### Task directions
Beginning with the line containing "des Zwingers im", write out each line exactly through the end of the listing, and skip all pictures.

### Data shown
+===+
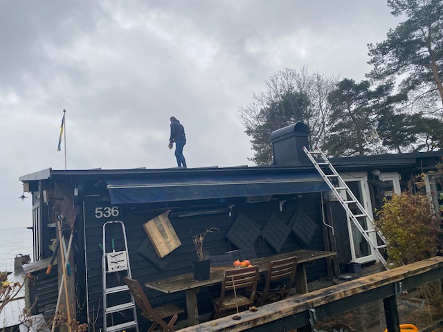 Jo det är sant. Alexander från Nordpolen (företaget heter så) var här och mätte upp våra tak, vinklar och solsidor. Vi fick beröm för att vi redan investerat i bra tak (tack Markus och Goof!) och efter några minuter hade alla hårt arbetande chips i Alexanders dator räknat ut att udden är som gjord att bli självförsörjande på el.
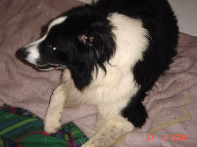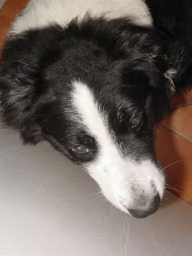 des Zwingers im Tierheim, da er mit seinen uringeschädigten
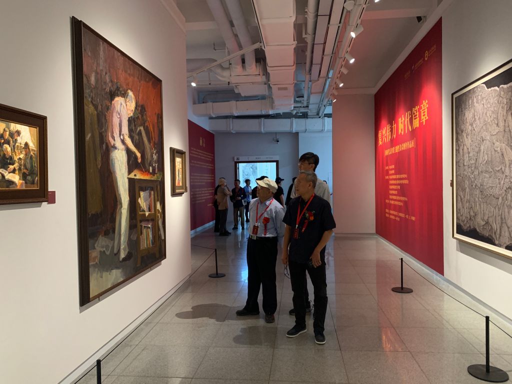 丁一林宣布“复兴伟力·时代篇章——新时代京津冀主题性美术创作作品展(best365中国官方网站展区)”开幕。与会领导、嘉宾与创作中心成员、参展艺术家共同参观展览。
+===+
### Reply
 des Zwingers im Tierheim, da er mit seinen uringeschädigten
 丁一林宣布“复兴伟力·时代篇章——新时代京津冀主题性美术创作作品展(best365中国官方网站展区)”开幕。与会领导、嘉宾与创作中心成员、参展艺术家共同参观展览。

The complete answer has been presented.